┌──

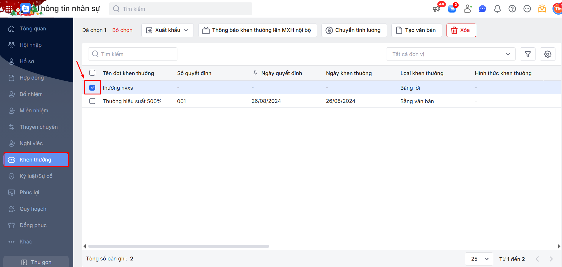 Bước 1: Truy cập vào phân hệ Khen thưởng\ Tích chọn các Đợt khen thưởng muốn thông báo lên MXH nội bộ.
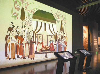 徐顯秀墓北壁壁畫《宴飲圖》互動投影墻。人民網記者 王 帆攝
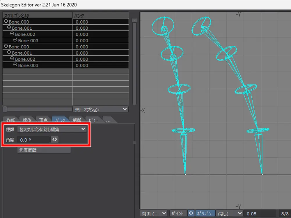 Skelegon Editor を使った場合は、Skelegon Reader じゃないと設定したバンクが反映されないことに注意
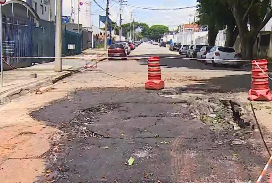 O asfalto de uma rua da Zona Sul de São José dos Campos voltou a ceder após a prefeitura da cidade tapar uma cratera que havia sido aberta no local, na última terça-feira (17).
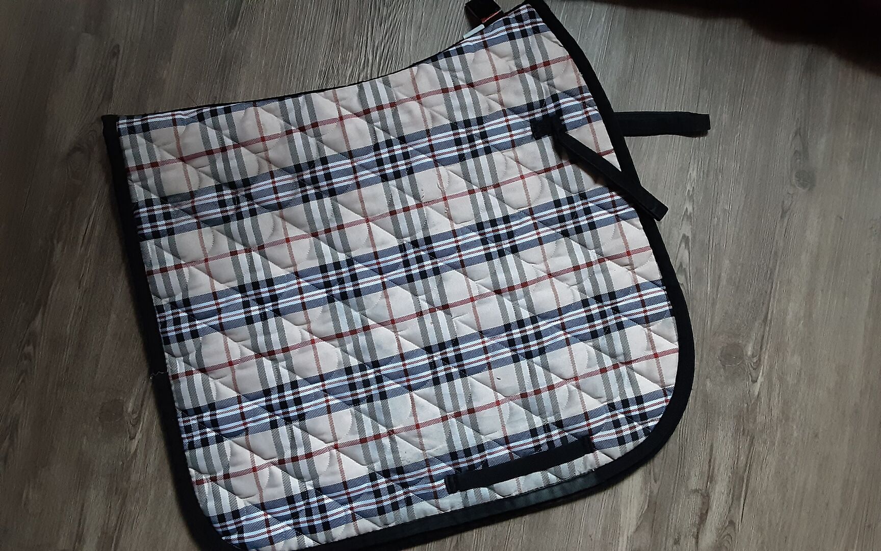 - Red VS saddle pad by Showmaster, good condition, 8,- € - Dressage saddle pad in brown with orange border, dressage, €5 - Brown dressage saddle pad by Felix Bühler, 8,- € - Blue/ beige checked dressage saddle pad, €5 - Brown plaid dressage saddle pad, 5,- €

└──

**Task to complete**
Verbatim output, no pictures: the line holding "Skelegon Editor を使った場合は、Skelegon" and all lines after it through the last line of the material, with nothing else.

**Response to this exercise**
 Skelegon Editor を使った場合は、Skelegon Reader じゃないと設定したバンクが反映されないことに注意
 O asfalto de uma rua da Zona Sul de São José dos Campos voltou a ceder após a prefeitura da cidade tapar uma cratera que havia sido aberta no local, na última terça-feira (17).
 - Red VS saddle pad by Showmaster, good condition, 8,- € - Dressage saddle pad in brown with orange border, dressage, €5 - Brown dressage saddle pad by Felix Bühler, 8,- € - Blue/ beige checked dressage saddle pad, €5 - Brown plaid dressage saddle pad, 5,- €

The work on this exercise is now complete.